= Catherine Lotrionte =

Catherine Lotrionte (born December 19, 1968) is an American legal scholar and academic, who is currently the Director of the Institute for Law, Science and Global Security at Georgetown University. She also taught in the Master of Science in Foreign Service (MSFS) Program and Security Studies Program at Georgetown.

== Career ==
In 2002, Dr. Lotrionte was appointed by General Brent Scowcroft to be Counsel to the President's Foreign Intelligence Advisory Board at the White House, a position she held until 2006. In 2002, she served as Legal Counsel for the Joint Inquiry Committee of the Senate Select Committee on Intelligence. Prior to that, Dr. Lotrionte was Assistant General Counsel at the Central Intelligence Agency.

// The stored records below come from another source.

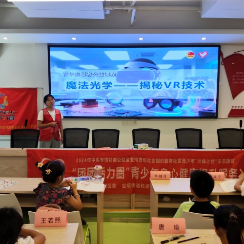 “童心映湘”团队还给小朋友们带来了“魔法光学——揭秘VR技术”互动展。孩子们在志愿者讲解中了解了VR技术背后的光学原理。深刻领悟到了科技的魅力,“通过VR学知识,像在玩游戏!”一名男孩赞叹道。
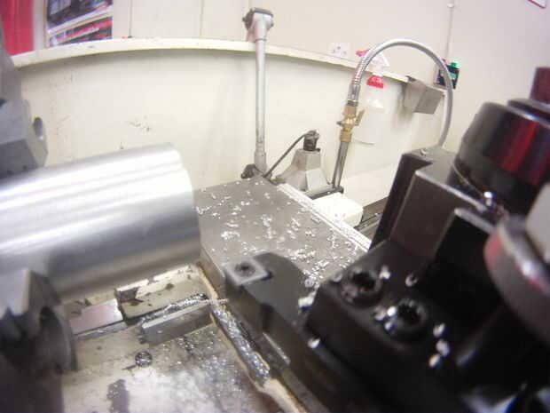 Usted querrá tomar frente a cortes, en una denominación de origen como grande o más grande que el radio de la nariz de la herramienta. Mi insertos tienen un. 031" radio de la nariz, así que empecé con 40 mil (. 040") denominación de origen. Tomar un corte de frente, hacia el centro de la población y luego dejar de mirarlo. * Estar seguro del torno no puede iniciarse mientras su mirada en el it. Si la herramienta es perfectamente centrada, se verá un acabado liso hasta el centro. Si la herramienta está debajo del eje del huso, se verá un pequeño trozo de material que estaba por encima de la herramienta y no corta. Si la herramienta está sobre el eje, el mismo trozo hubiera estado presente, sin embargo, es probable que usted empuja con las superficies de corte no de la herramienta. Todavía podrá ver algunos arañazos en la pieza de trabajo, pero sobre todo, poder contar porque debe tomar más fuerza para cortar el último poco.
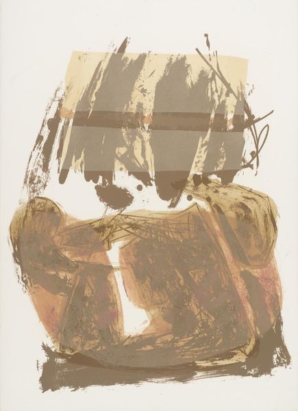 Curator: Feliks Topolski's work, titled "Autobiography", presents a fascinating visual puzzle. It is part of the Tate Collections. Editor: My first impression is a feeling of fractured identity, almost overwhelming with its layering of faces and forms. What are your thoughts on its materiality? Curator: The apparent layering comes from Topolski's distinct drawing and printing process. His practice was rooted in social observation. This piece seems like a personal archive made public. Editor: Indeed, the spiral composition draws the eye inward, perhaps symbolizing a journey into the self. It also calls to mind structuralist concepts of nested narratives. Curator: I agree. And the social context is crucial. Topolski made his name sketching war and political events. This feels like a mapping of his inner world based on those experiences. Editor: Perhaps it’s a visual representation of memory itself, fragmented and layered. Curator: Exactly. Thinking about the material traces of the artist's life, from pencil on paper to the final composition, is a compelling way to understand "Autobiography." Editor: Yes. The raw energy of its construction offers a great insight into the artist's complex self.
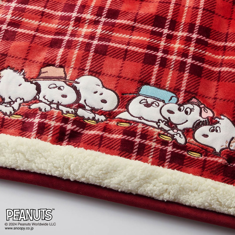 「スヌーピー」たちのかわいいアップリケ刺繍入りの省スペースこたつ布団。
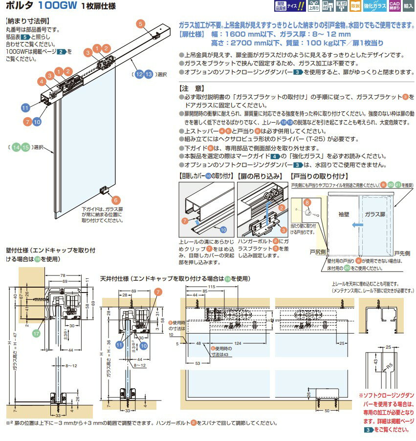 ハワ スライディング ソリューションズ ポルタ 100GW 重量用引戸 幕板付き上レール/1枚扉仕様 ガラス加工が不要。上吊金具が見えずすっきりとした納まりの引戸金物。水回りでもご使用できます。 ●上吊金具が見えず、扉全面がガラスだけのように見えるすっきりとしたデザインです。 ●ガラスをブラケットで挟んで固定するため、ガラス加工は不要です。 ●オプションのソフトクロージングダンパーを使用すると、扉がゆっくりと閉まります。 ●注意などの詳細は画像をご覧ください。 ※本商品ページは部品セットのみの販売です。レール等は別売りです。
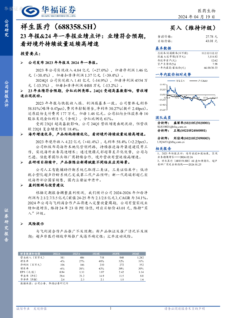 华福证券:祥生医疗(688358)-23年报&24年一季报业绩点评:业绩符合预期,看好境外持续放量延续高增速.pdf
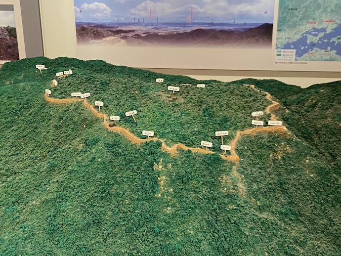 この鬼の城の入り口から徒歩で10分ほど山に登ると、いわゆる城の構内に入れるようだ。だが、すでにこの時にはすっかり山登りが嫌になっていた。ありがたいことに、駐車場脇には鬼の城を解説する資料館があり、そこには城のジオラマ模型があった。おー、これぞ神の視点ではないかと感動した。

At Georgetown, Dr. Lotrionte also served as a visiting assistant professor in the Department of Government and the School of Foreign Service and teaches courses on intelligence law and international law. She is the author of numerous publications, including an article on killing regime leaders published in The Washington Quarterly, entitled, "When to Target Leaders". She is a life member of the Council on Foreign Relations. Dr. Lotrionte earned a B.A., summa cum laude, from the University of Massachusetts Amherst and a J.D. from New York University Law School. She has an M.A. in Security Studies and a Ph.D., with distinction, from Georgetown University.